但她怕,怕辜負昏迷前父皇那殷切的托付,怕看到錦繡山河在自己手中破碎,怕這追隨她、信任她的萬千將士,因為她的某個決策失誤而埋骨異鄉,馬革裹尸。
“李長風……你若在此,會如何破局?”她低聲喃喃,聲音沙啞,帶著連自己都未察覺的深深依賴與脆弱。
此刻,她不是那個在朝堂上慷慨陳詞、在萬軍之前凜然不懼的征東大元帥,只是一個被逼到懸崖邊,身心俱疲的年輕女子。
就在這愁腸百結,心神幾乎要被絕望吞噬之際,帳外忽然傳來一陣急促而略顯混亂的腳步聲,緊接著是親衛帶著難以置信語氣的、略尖的通報聲:
“報——公主殿下!營外……營外來了大隊人馬,為首者自稱是李長風李公子,還有曲妙音曲小姐,以及梅蕊梅大人!”
“什么?”唐玉宣猛地抬頭,眼中的陰霾、疲憊、絕望在瞬間被一股巨大的、難以置信的驚喜沖散,她甚至用力眨了眨眼,懷疑自己是否因過度疲憊而產生了幻覺。
她幾乎是踉蹌著,不顧肩傷帶來的刺痛,快步走到帳門邊,一把用力掀開了厚重的簾幕。
營寨轅門處,火把獵獵燃燒,將四周照得亮如白晝。
只見李長風依舊是一襲看似普通的青衫,雖風塵仆仆,發絲略顯凌亂,但臉上那抹熟悉的、帶著幾分憊懶和玩世不恭的笑容卻絲毫未變。
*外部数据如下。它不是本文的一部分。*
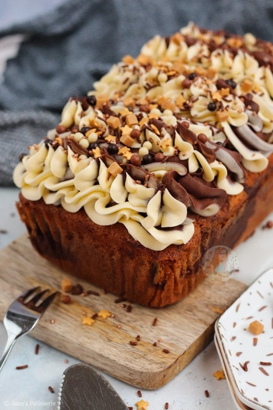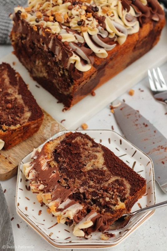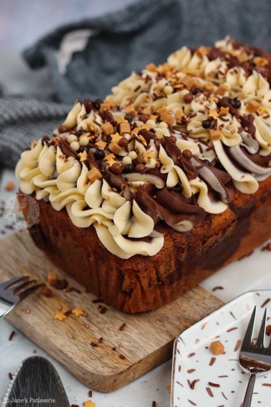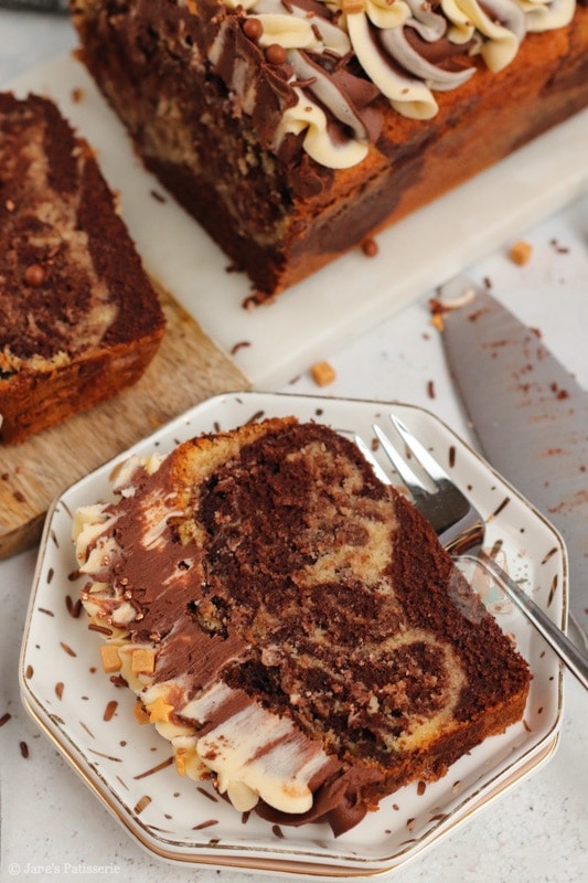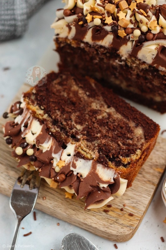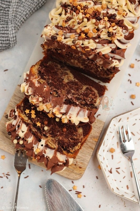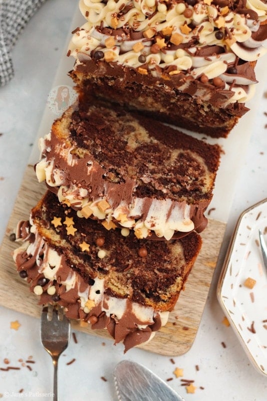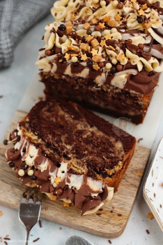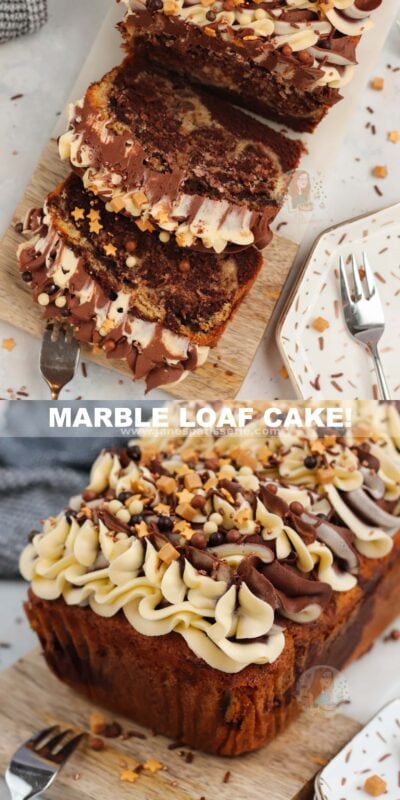 A yummy chocolate and vanilla loaf cake, topped with chocolate and vanilla buttercream frosting – the best marble loaf cake!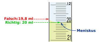 Das Bild gehört zur Serie "Chemie Grafiken". Es veranschaulicht das richtige Ablesen vom Flüssigkeitsstand in einer Bürette unter Beachtung des Meniskus. Das Bild ist unter CC0 lizenziert und kann somit frei verwendet werden.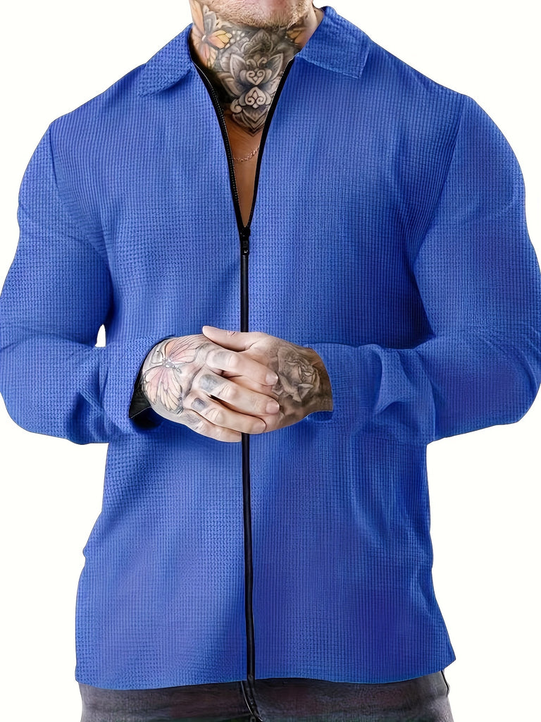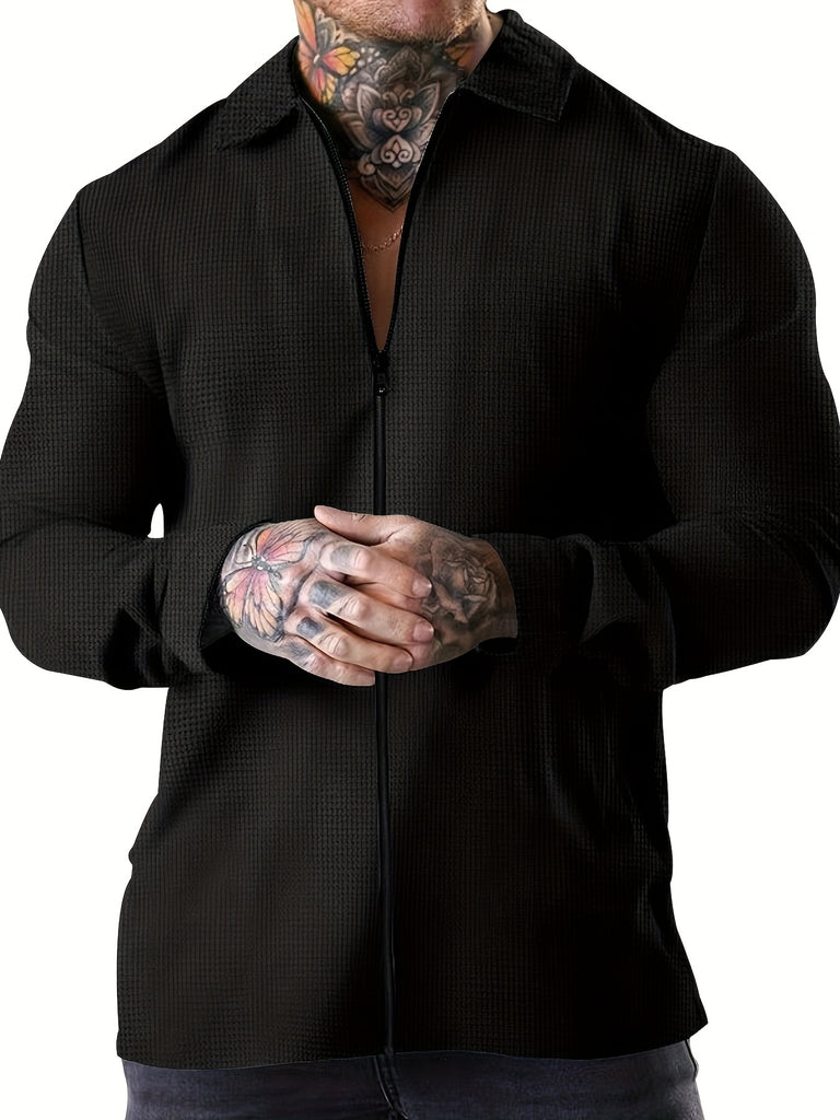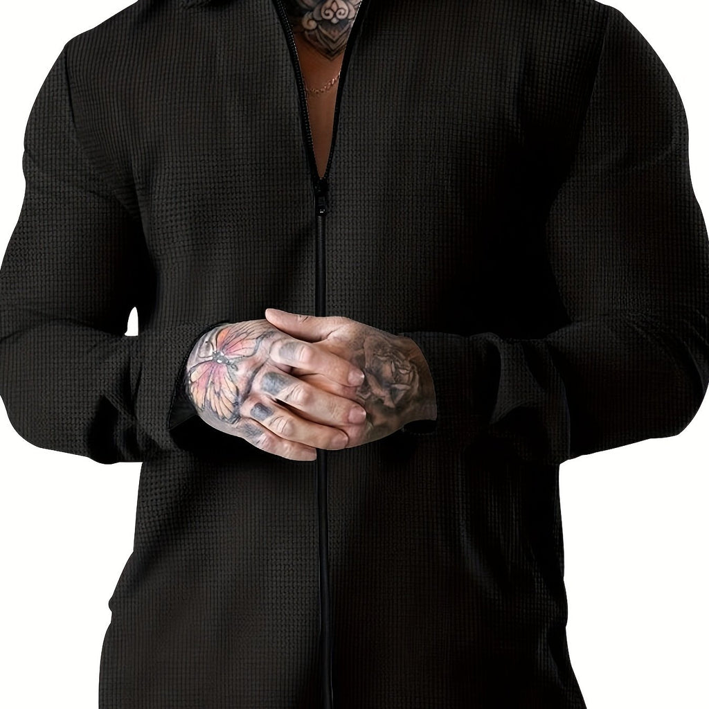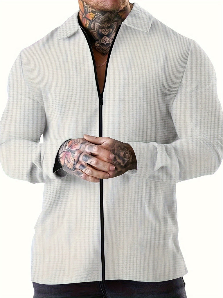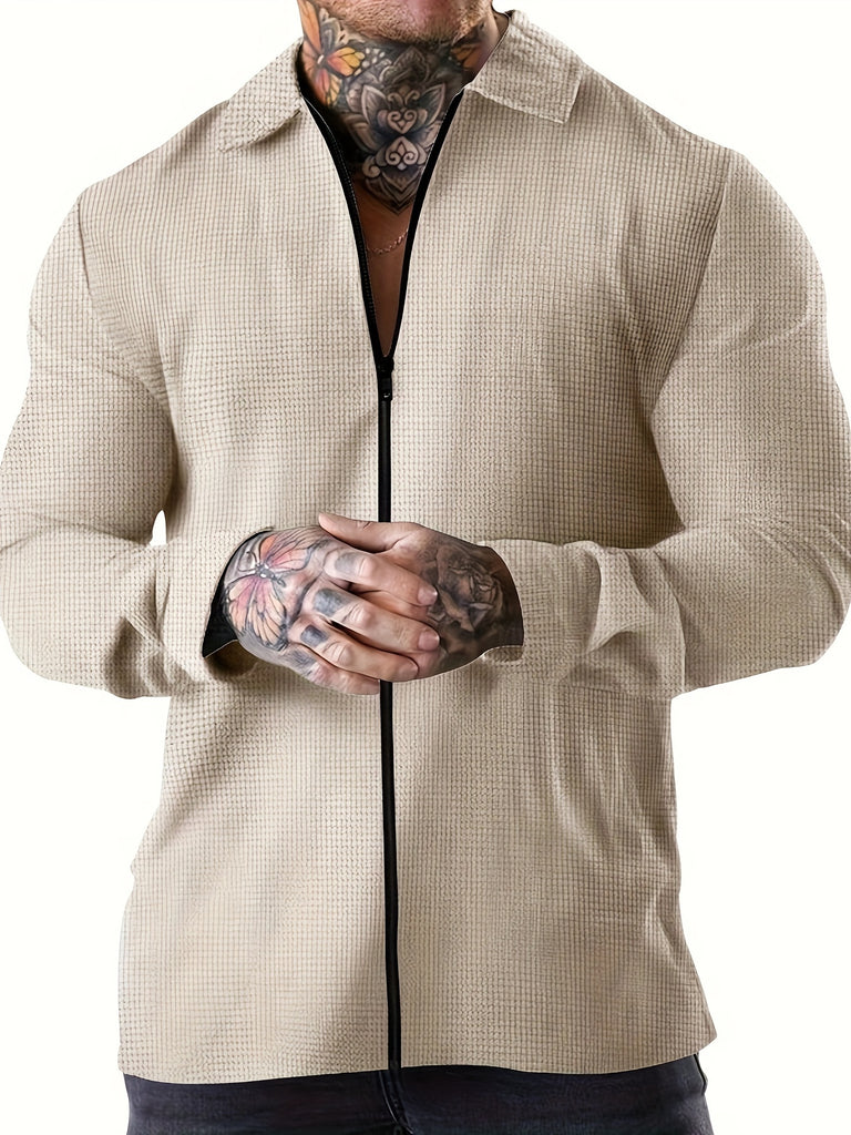 Vintage Waffle Pattern Jacket, Men's Casual Zip Up Jacket Coat College Hipster Windbreaker For Spring Fall

他就那樣閑適地站在那里,姿態從容,仿佛眼前不是殺機四伏的軍營重地,而是春日里某個風景宜人的郊外,他是來踏青訪友的翩翩公子。
而他身后……唐玉宣的目光越過他,不由得微微一怔,心頭下意識地泛起一絲連她自己都覺得莫名奇妙的、淡淡的酸意。
那可真是一支……“獨特”到極點的隊伍。梅蕊、冷寒月、林兮若、江含韻、蘇語嫣、楚凝香、蘭依茉、胡彩蝶、吳夢瑩、李臨瑤……鶯鶯燕燕,環肥燕瘦,竟有十數人之多!
她們雖也面帶倦容,發髻或許有些松散,衣角沾染了塵土,但一個個容貌出眾,氣質或清冷、或嬌媚、或溫婉、或英氣……
在這充滿陽剛肅殺之氣的軍營中,顯得如此格格不入。
宛如一片突然闖入鐵灰色世界的絢麗花園,引得周圍值守的士卒們都看直了眼,偷偷側目,竊竊私語。
這哪里是來助戰的,分明像是……像是他李長風帶著他的“后宮”游山玩水來了!
不過,她是見過這支娘子軍神威的。若不是她們出手相救,大展神威,上次宮廷之變,父皇和自己已經陷落,哪還有今日之事?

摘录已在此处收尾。